これに対し、中期経営計画1年目の2024年度は、建設需要が引き続き堅調に推移したことや、コロナ禍における部品納期の長納期化の影響が緩和したこと等により、概ね全ての事業会社において売上高、営業利益が計画を上回り、売上高250億円、営業利益10.6億円、営業利益率4.3%、ROE11.7%(当連結会計年度末の自己資本を基に算出)と大幅な過達での着地となりました。中期経営計画2年目の2025年度も、建設需要が引き続き堅調に推移したことにより建設業向けセグメントが好調であったものの、一部事業会社では大型案件の工期ズレが発生したことで売上高は計画の270億円を下回り、268億円での着地となりました。一方で営業利益については、前述した各種取り組みが奏功した結果も含め計画の8億円を大幅に上回る16.7億円、営業利益率6.2%での着地、ROEは11.5%となりました。2025年度スタート時点では将来への人的資本投資の一環として従業員の賃上げ5%を盛り込み、前年対比で減益計画としておりましたが、労務費のアップ分を通常の事業収益にて吸収するだけでなく、前年対比も上回る営業利益を達成することが出来ました。経営指標の詳細については、4 「経営者による財政状態、経営成績及びキャッシュ・フローの状況の分析」をご参照ください。
(6)企業価値向上への取り組みの進捗
当社グループは資本コストや株価を意識した経営の実現にも積極的に取り組んでおります。

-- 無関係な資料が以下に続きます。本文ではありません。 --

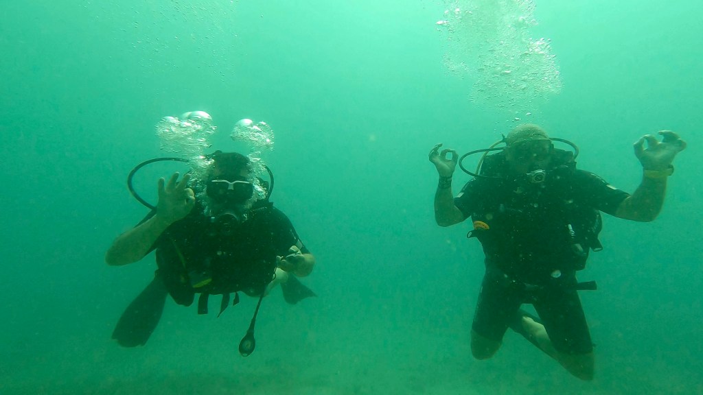 Back on the boat, I got out of my wetsuit and had some fruit to clear the salt, and we motored back to a fishing pier to disembark – the water was just too skinny for us to get back to the dive center.

中期経営計画の期間中にPBRを1倍以上にすることを目標とし、資本収益性向上に取組んでおりますが、中期経営計画2年目の結果は、2026年3月31日時点の当社株価340円、PBRは0.93倍(発行済株式総数から自己株式を控除せず算出)となっており、着実に進展をしております。
また、管理職従業員の経営参画意識の醸成を目的に2025年度より導入しました従業員持株会向け譲渡制限付株式インセンティブ制度につきましては、2026年度も同様に運用してまいります。引き続き中期経営計画の諸施策を着実に実行し、ステークホルダーの皆さまに成長性をお示ししていくことでPBR1倍以上を実現したいと考えています。